As I write about this story, I realize how much I like it. There is a note of Dickens here, with a man sensing that his life has been squandered. (Money is another active device in this story.) There is the note of Poe, with the man who does not realize how deranged he actually is, despite his orderly presentation in blazer and tasseled loafers. There is, in each disorderly vignette, a lot left for the reader to think about. Johnson himself is about 65, and I recognize the impulse to look back on life. What I enjoy about this story is that it is so hallucinatory that it feels fresh, and in addition, the hallucinatory, somewhat like a Chagall painting, allows for a lot of Whit’s life to be floated out there.

Art, painting and writing comprise several subjects of the story, and I notice Whit’s name, an amputation of Whitman, with the man’s corollary amputation of empathy and personal connection. There is an ambition in the piece that rewards the reader.
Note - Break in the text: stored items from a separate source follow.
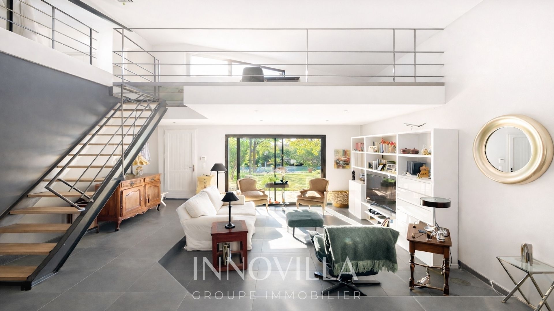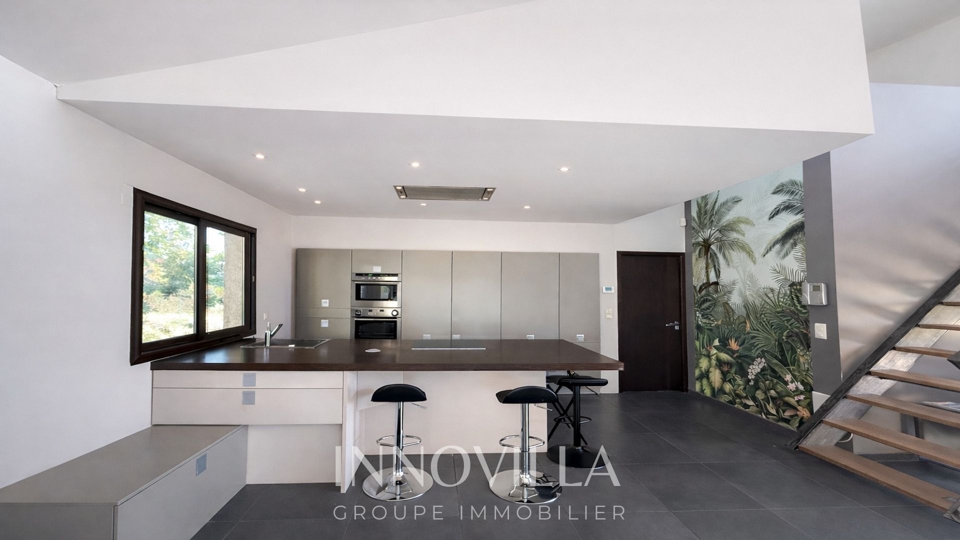 D’une surface d’environ 120 m² habitables au rez-de-chaussée, elle propose un bel espace de vie d’environ 46m2. Un séjour lumineux avec plafond cathédrale, un coin salon sur un niveau décaissé, salle à manger avec une belle cuisine équipée, complète et conviviale.
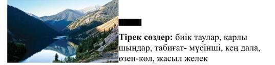 Тірек сөздер: биік таулар, қарлы шыңдар, табиғат- мүсінші, кең дала, өзен-көл, жасыл желек(написать 10 предложений используя эти слова про озеро Әнші күм или Шайтанкөл)
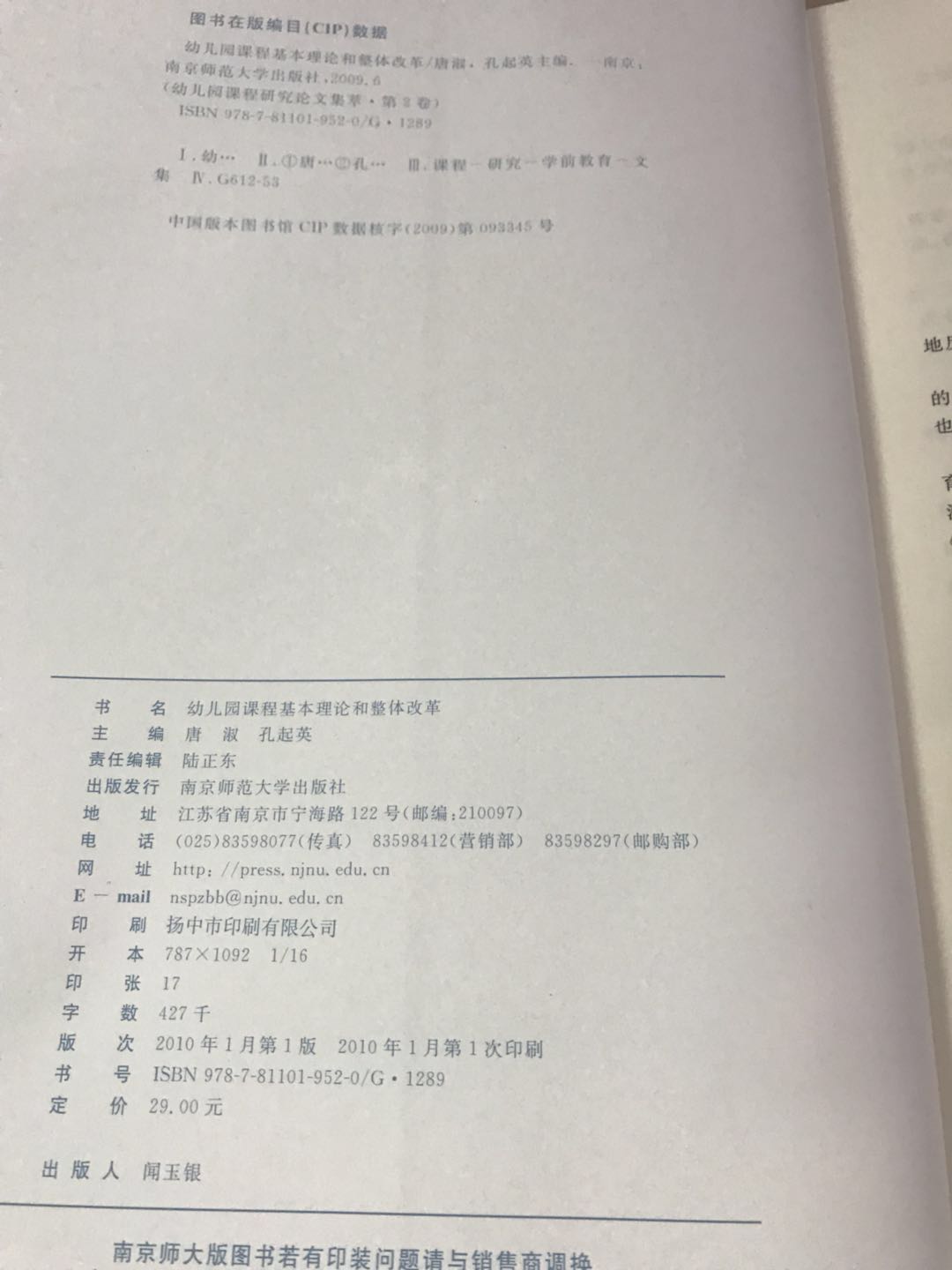 幼儿园课程基本理论和整体改革 南京师范大学出版社
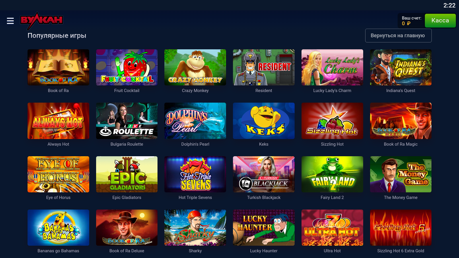Vulcan предлагает множество возможностей для любителей азартных игр. На этой платформе вы найдете огромное разнообразие игровых автоматов, которые привлекут вас своей уникальной тематикой и захватывающими игровыми механиками. Каждый из них может похвастаться превосходной графикой и качественными звуковыми эффектами, создавая неповторимую атмосферу и обеспечивая наилучший игровой опыт для пользователя.
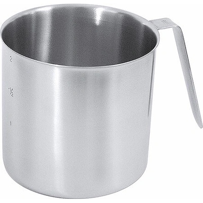 Odměrka vyrobená z nerezové oceli s vnitřním i vnějším cejchem každých 0,5 l.
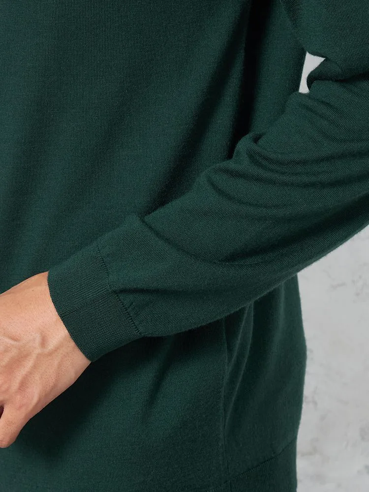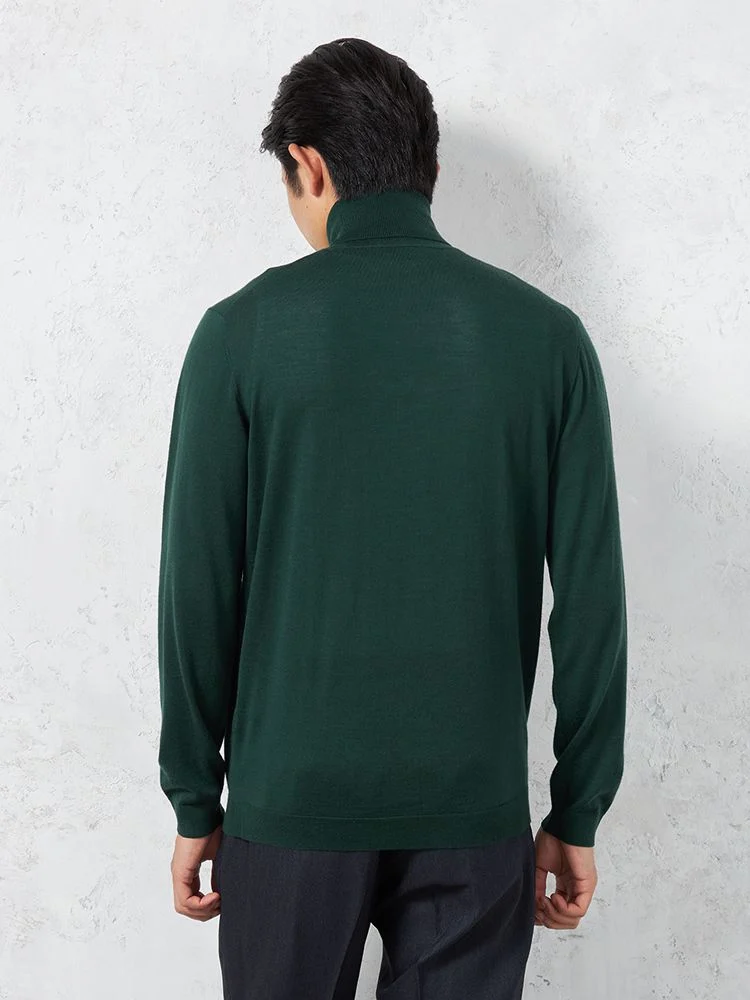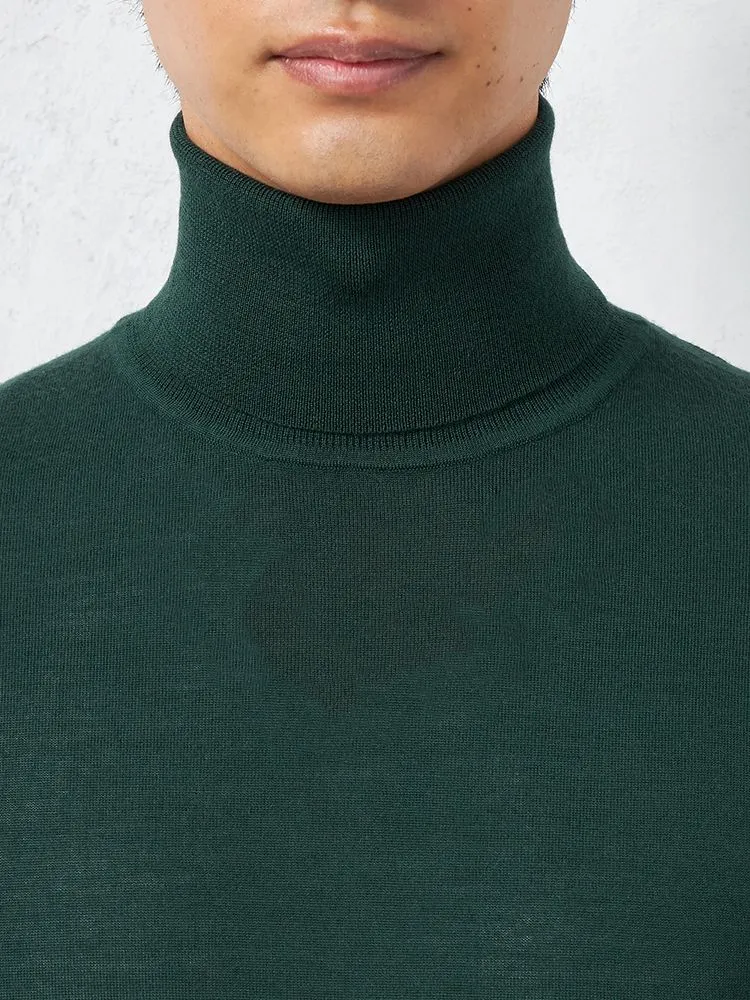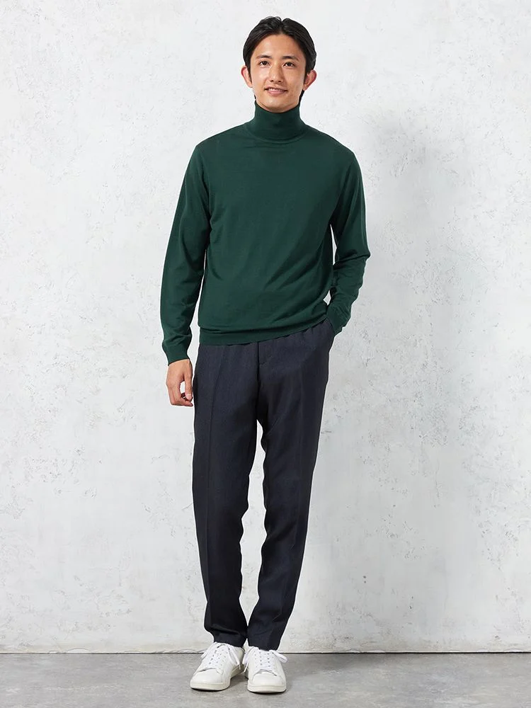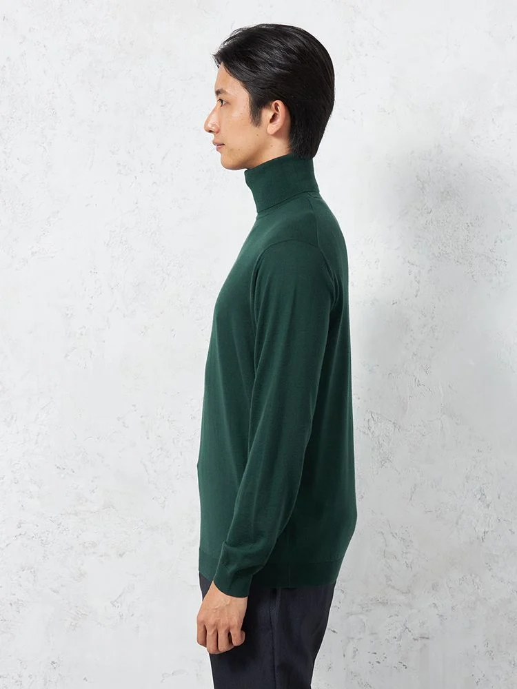 美しい光沢感となめらかな肌ざわりが魅力のメリノウールを使用した長袖タートルネックです。

But here I regret to admit that I can only recommend the story with this caveat: I’m going to have to wait for my paper issue to arrive before I can give it a second read.
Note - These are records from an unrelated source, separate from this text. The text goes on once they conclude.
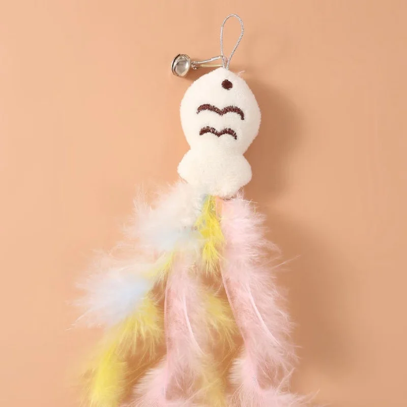 Funny Cat Toy Folorful Fluffy Feather With Bell Sucker Cat Stick Toy Kitten Play Interactive Detachable Teaser Wand Cat Supplies
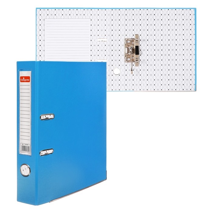 Папка-регистратор Calligrata с арочным механизмом изготовлена из плотного картона, с внешней стороны заламинированного полипропиленовой пленкой (РР) с текстурой "лен", внутри оклеена бумагой с алфавитно-цифровым полем для классификации на левой стороне.
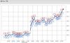ただ、東証の時間帯を終えた後も円安ドル高は継続しており、16:00過ぎには97.7円近辺まで進んでいますので、今日のNYダウが大幅な続落とならなければ、明日の日経平均などの日本の株価は続落にはならず、値を戻して行かないかと期待しております。
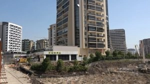 İnşaat işçilerinin çalışma yaptığı esnada sitenin içindeki 16 katlı bir binanın giriş kısmındaki bahçe duvarı kazı nedeniyle bir anda aşağı düştü.
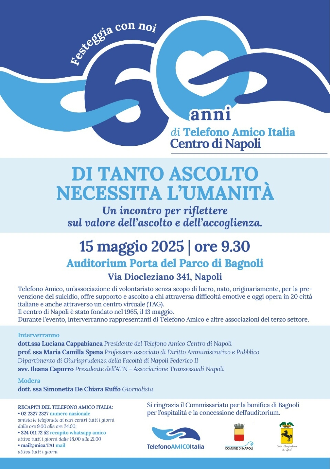 Telefono Amico – Centro di Napoli (TAN) festeggia i suoi 60 anni di attività il 15 maggio 2025, a Napoli, presso l’Auditorium Porta del Parco di Bagnoli.
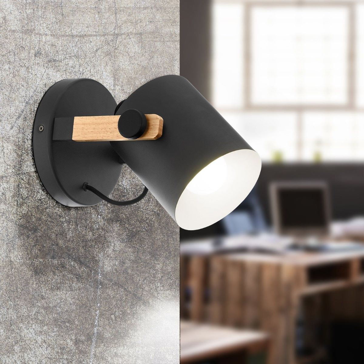 Φωτιστικό Απλίκα Μαύρο/Ξύλο, Ρυθμιζόμενη Κεφαλή Eglo Hornwood 43046.
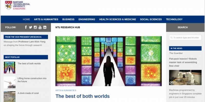 南大的最新研究成果都彙集在學校的研究中心網站 (NTU Research Hub)中,包括研究項目和最新科技資訊。
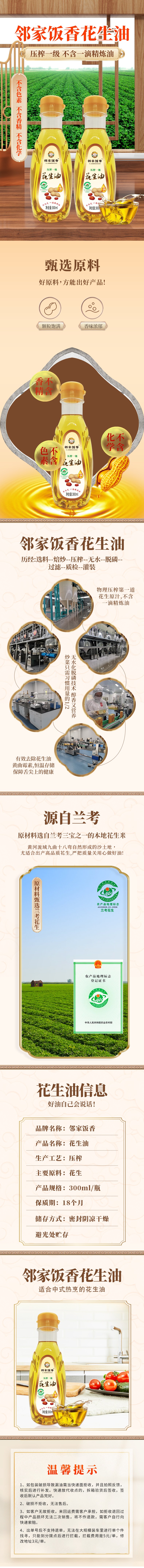 邻家饭香 压榨一级花生油LJFX27 不勾兑精炼油 国家地理标志农产品 兰考花生 原产地直发 300ml/瓶

I am away from home and using my HP lap-top. The New Yorker “Archives” format is almost unreadable on my device. My lap-top is large, but The New Yorker print is tiny. When I tap the Archive page to enlarge it, the print becomes so fuzzy as to be almost equally unreadable. It’s like reading microfiche. (Does anyone even remember microfiche?)

As I poked around the internet reading various reviews of Johnson, I noticed that my laptop could handle The New York Times, The Guardian, and The Atlantic Monthly with ease. In all, my laptop rendered the print from those publishers highly readable. In contrast, The New Yorker “Archives” print is ridiculously inadequate. At home, my Dell desktop is able to make The New Yorker “Archives” print legible, but not large. I usually print the story, because the on-line experience is so miserable.

Of course, this may all reflect on my lack of technical expertise. But I counter — on both of my Windows devices, I can read any number of sources with great ease. I just can’t read The New Yorker Archives with any ease. In addition, the “Archives” make it difficult on the reader to move from section to section. I would love to hear from anyone who could explain why The New Yorker “Archives” needs to be so difficult to negotiate and read. They should take a look at The Paris Review. There’s a web site that has magnificently presented print.

My apologies to Denis Johnson. I recommend his story, and I think it benefits from a leisurely encounter and a second reading. I look forward to that second reading when I get my paper issue on Thursday.